Cuestiones para la reflexión

l. ¿Quiénes son los que nos han inspirado en la fe?

2. ¿Cuáles son los aspectos de fe que inspiran nuestra vida diaria?

3. ¿Qué principales enseñanzas consideramos que se nos transmitieron?

4. ¿Cómo podemos reconocer que Dios está trabajando con nosotros en la transmisión de la fe a las generaciones futuras?

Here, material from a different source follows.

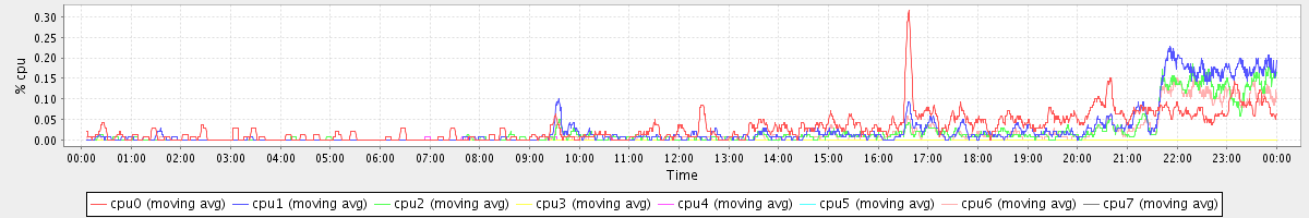avg(cpu0) = 1.19 avg(cpu1) = 1.06 avg(cpu2) = 0.92 avg(cpu3) = 0.62 avg(cpu4) = 0.45 avg(cpu5) = 0.46 avg(cpu6) = 0.74 avg(cpu7) = 0.46

Día quinto: Testimoniar en el sufrimiento
“¿No tenía que sufrir el Mesías todo esto antes de ser glorificado?” (Lc 24,26)
Is 50, 5-9 Él es mi ayuda
Sal 124 Nuestro auxilio es el nombre del Señor
Rm 8, 35-39 El amor que Dios nos tiene en Cristo Jesús
Lc 24, 25-27 Les explicó cada uno de los pasajes que se referían a él mismo

Comentario

Durante los últimos años, dos acontecimientos ocurridos en Escocia han hecho que este pequeño país se haya convertido repentinamente en el centro de la atención de los medios de comunicación del mundo entero. El atentado aéreo sobre Lockerbie y la masacre de los niños en la escuela de Dunblane aportaron notoriedad a una nación que se acordará siempre de estas atroces pérdidas de vidas humanas. Los dos acontecimientos causaron sufrimientos y aflicciones increíbles a un gran número de personas, y sus consecuencias se sintieron más allá de los límites físicos de estas dos localidades. Inocentes encontraron la muerte en circunstancias espantosas.

La realidad del sufrimiento es algo de lo que habla con fuerza el profeta Isaías en el pasaje de hoy donde nos recuerda que Dios no renuncia nunca a ver la humanidad sufriente. En cambio, el salmo declara la necesaria confianza que guarda el creyente hacia su Salvador.

La Carta a los Romanos declara la certeza que el amor es todavía más fuerte, y que el dolor y el sufrimiento nunca prevalecerán ya que antes de ofrecer al mundo la resurrección, Cristo entró en una agonía atroz y en la oscura cavidad de la tumba para estar totalmente con nosotros hasta en nuestras peores miserias.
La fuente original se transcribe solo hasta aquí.